I am working hard toward my goal of simplifying my life. Over the weekend, we were walking around a super trendy area of L.A. and I felt myself eyeing what everyone was wearing, what baby gear the other moms had, looking at all the ridiculously nice cars everyone was driving. Suddenly, I felt really frumpy and dated. We left and I was making mental lists of STUFF I wanted to buy. But, a new, fresh week is upon us, and I let all of those feelings go!!
We are more than halfway into the month of January. I have made it eighteen days without spending money on anything except food. I'm feeling pretty good. At times I have felt low or bored or whatever and found myself wanting to spend money to make myself feel better. I never really thought there was a connection for me between happiness and spending money on material items, but I guess there's a term "retail therapy" for a reason?!
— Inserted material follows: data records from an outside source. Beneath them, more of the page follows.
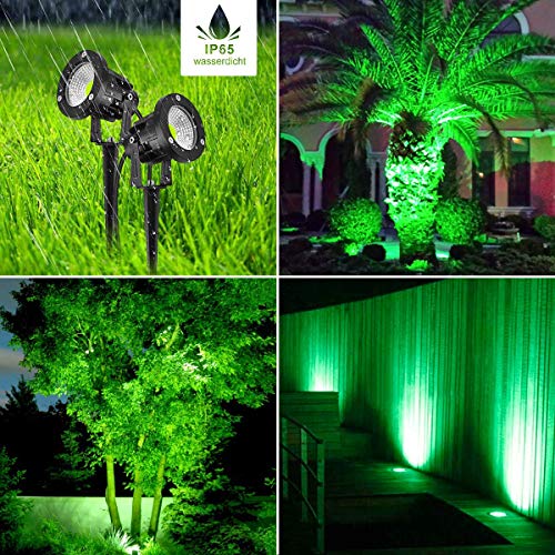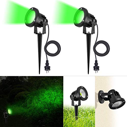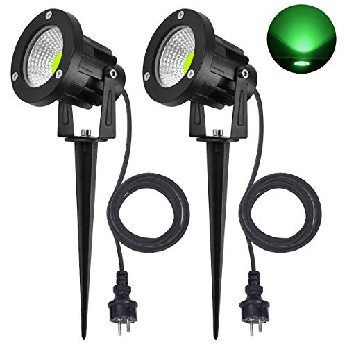 SanGlory 2er Set 7W LED Strahler Grün-Licht mit Erdspieß, 2m Kabel mit Stecker, Led Garten Beleuchtung, Gartenleuchte…
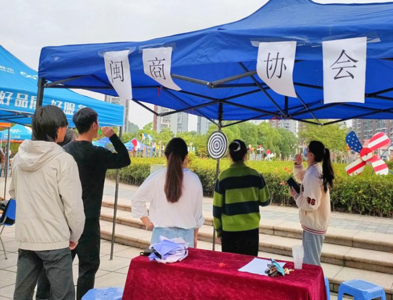 为了让广大新生能够更快地融入大学的校园生活,也为了提升校园的文化内涵,由校社团联合会与各大社团联合举办的一年一度文化巡礼节于2021年11月2日下午2:30至6:00在白鸽广场举办。在游园会的现场,BB贝博艾弗森原官方网站闽商协会准备了两个趣味十足的小游戏——“飞镖大战”与“水上乒乓球”。
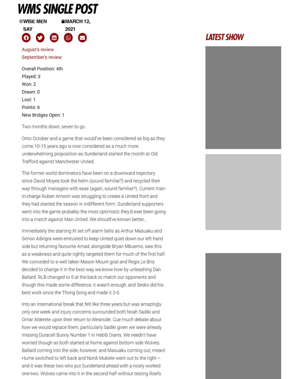 • Sunderland’s December In Review – A daunting month on paper, but not too bad… January 16, 2026
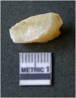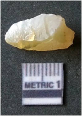 | Description / विवरण | It is chalcedony flake, translucent in appearance. The piece shows sharp pointed ends and flake scars on the surface as a result of flaking. The piece shows a bulb of percussion. |
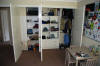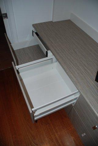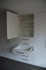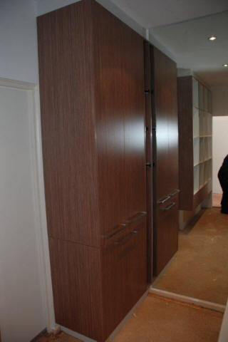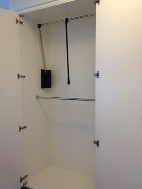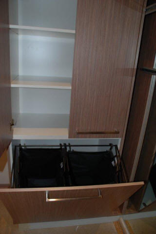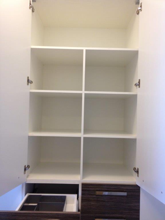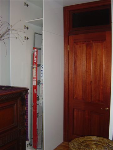 A custom built tall cupboard to house the ladder, extra storage all the way to the ceiling
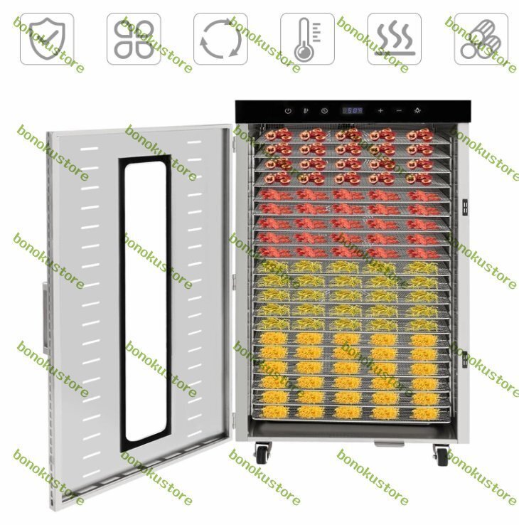 商品の説明応用この製品は、果物、お茶店、ペットショップ、飲料店、作物、ハーブ、海産物などの乾燥ニーズを満たすことができます。 さまざまな野菜、果物、スパイス、肉、花、その他の食品を乾燥できます。使い方1. 果物を洗ってスライスします。2. 果物を食品乾燥機に均等
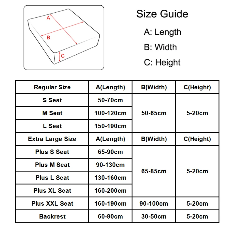 4. Выберите правильный чехол для дивана в соответствии с различными размерами сиденья подушки.
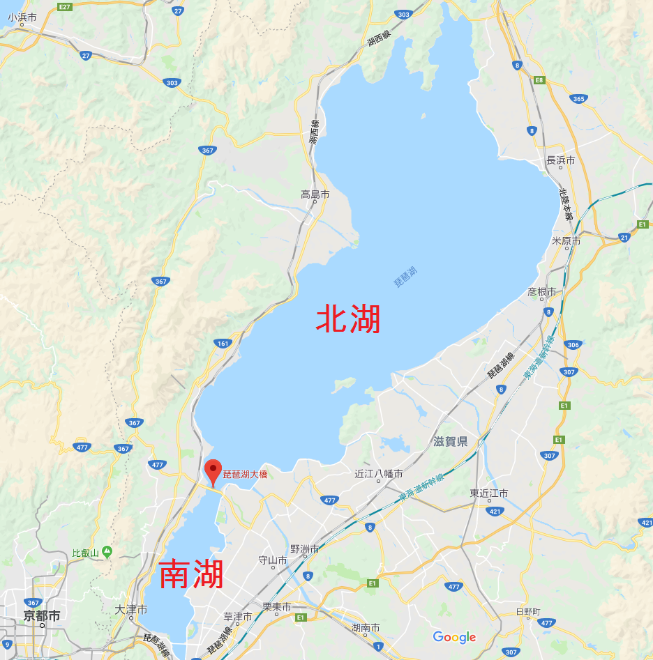 琵琶湖は 琵琶湖大橋 を境に、北湖(ほっこ)と南湖(なんこ)に分けられます。

My spending habits have never been out of control. But, I have rarely placed limits on myself. If I want something like a new coat or shoes (within a reasonable price range given our financial situation), I usually think about it for awhile, and then buy it. Also, since the invention of Amazon Prime, I started jumping online and aimlessly ordering a lot of stuff. It has been therapeutic to pull back for awhile. We are constantly looking to improve upon our household budget, and I feel like I am making a positive difference by choosing to keep my wallet closed for now.
I think I could use more of an organized plan if I were to continue placing limits on spending in February and beyond. I am looking into doing that Capsule Wardrobe thing I have read about on other blogs. I'm not sure if it would do me much good. I was also inspired by this post about how to reject the allure of stuff.
If anything, I am realizing that I can get by on a lot less; and that feels great. I hope it is a productive week for anyone still reading this blog!